In a second set of experiments, the collagen that has penetrated the skin at the various time points above is collected from the diffusion chamber and analyzed in a spectrophotometer. As above, a greater amount of collagen will be detected in samples collected at the various time points with formulations containing less than 20 ethoxylations/molecule than formulations containing 20 or more ethoxylations/molecule. Formulations containing less than 20 ethoxylations/molecule will also be observed to penetrate the skin faster than formulations containing 20 or more ethoxylations/molecule. The next example sets forth experiments that demonstrate that transdermal delivery compositions containing ethoxylated fatty acids having 10-19 ethoxylations/molecule transfer a delivered agent to the skin as effectively as transdermal delivery compositions containing ethoxylated oils having 10-19 ethoxylations/molecule.

EXAMPLE 8

A transdermal delivery composition containing collagen (1.2 mg/ml) and an ethoxylated fatty moiety having 16 ethoxylations/molecule, water and marine collagen is made. Several transdermal delivery compositions containing ethoxylated fatty moieties and having 16 ethoxylations/molecule, water, and marine collagen are made. Approximately 0.5 ml of each of these formulations are applied to human cadaver skin in a diffusion chamber and the penetration of collagen is monitored over time (e.g., 10 minutes, 30 minutes, 45 minutes and one hour). Sections of the skin are taken, stained with a collagen specific dye, and the stained sections are analyzed under a light microscope.

The same amount of collagen-specific staining will be seen in stained skin sections collected at the various time points with formulations containing ethoxylated fatty moieties as compared to formulations containing ethoxylated oils. Formulations containing ethoxylated fatty moieties will also penetrate the skin at approximately the same rate as compared to formulations containing ethoxylated oils.

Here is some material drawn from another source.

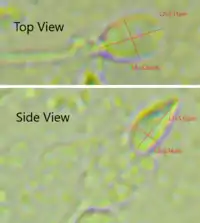 A human sperm cell consists of a flat, disc shaped head 5.1 µm by 3.1 µm and a tail 50 µm long.[2] The tail flagellates, which propels the sperm cell (at about 1–3 mm/minute in humans) by whipping in an elliptical cone.[3] Sperm have an olfactory guidance mechanism, and after reaching the Fallopian tubes, must undergo a period of capacitation before penetration of the ovum.[4]
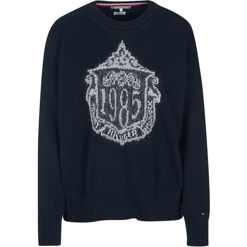 100% katoen; Tommy Hilfiger-trui; Model: WW0WW25824 CJM; Zacht katoen; ronde nek; lange mouw; Tommy Hilfiger-logodetails

In a second set of experiments, the collagen that has penetrated the skin at the various time points above is collected from the diffusion chamber and analyzed in a spectrophotometer. As above, approximately the same amount of collagen will be detected in samples collected at the various time points with formulations containing ethoxylated fatty moieties as compared to formulations containing ethoxylated oils. Formulations containing ethoxylated fatty moieties will also be observed to penetrate the skin at approximately the same rate as formulations containing ethoxylated oils.

EXAMPLE 9

A transdermal delivery composition containing collagen (1.2 mg/ml) and an ethoxylated oil having 16 ethoxylations/molecule, water and marine collagen is made. A portion of the composition is transferred to a cartridge adapted for the exemplary transdermal delivery device described herein. The transdermal delivery device is preset to load approximately 0.5 ml of the formulation. Approximately 0.5 ml of the formulation is applied to human cadaver skin, either manually, or using the transdermal delivery device, in a diffusion chamber and the penetration of collagen is monitored over time (e.g., 10 minutes, 30 minutes, 45 minutes and one hour). Sections of the skin are taken, stained with a collagen specific dye, and the stained sections are analyzed under a light microscope. Several samples are prepared and treated at the same time.

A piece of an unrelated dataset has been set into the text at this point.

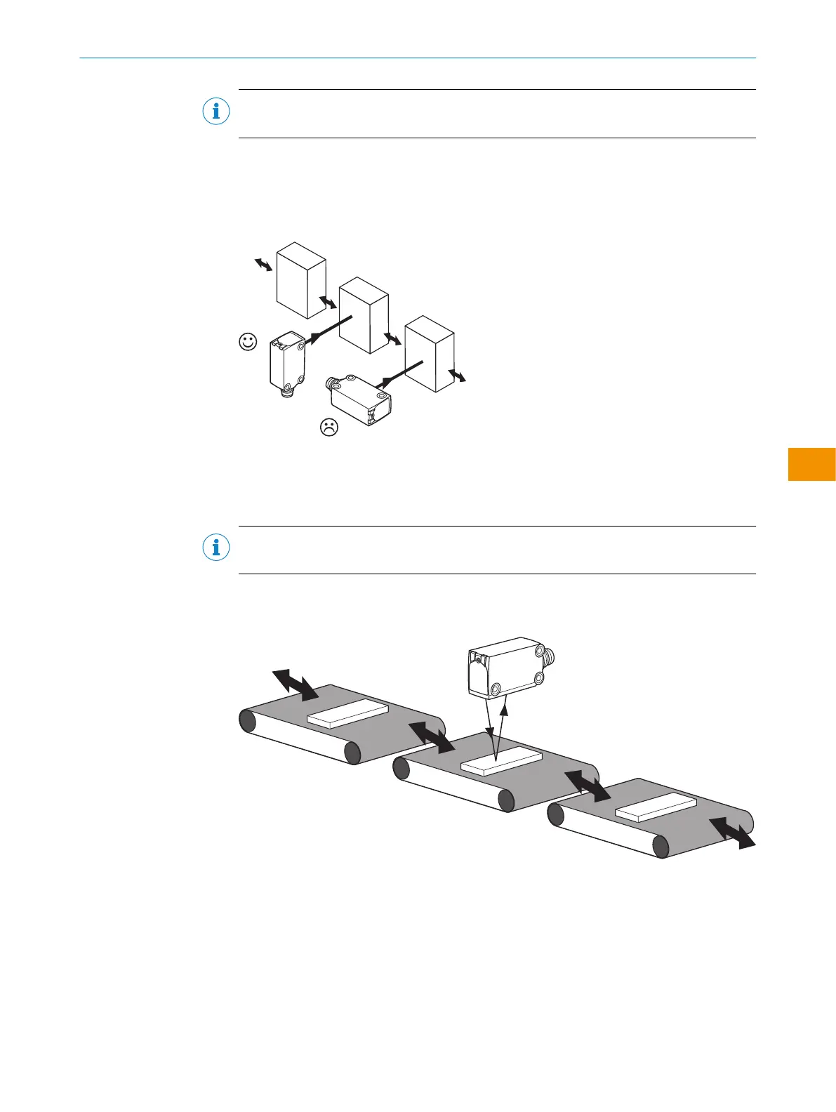 Note the preferred alignment of the sensor relative to the movement direction of the

The amount of collagen-specific staining seen in stained skin sections collected is substantially more consistent in the samples in which the formulation is administered via the transdermal delivery device than in the samples in which the formulation is delivered manually.

In a second set of experiments, the collagen that has penetrated the skin at the various time points above is collected from the diffusion chamber and analyzed in a spectrophotometer. As above, the amount of collagen detected in samples collected from the various samples in which the formulation is delivered via the transdermal delivery device shows considerably less variation than the amounts of collagen calculated from samples in which the formulation was applied manually.

Although the invention has been described with reference to embodiments and examples, it should be understood that various modifications can be made without departing from the spirit of the invention. Accordingly, the invention is limited only by the following claims.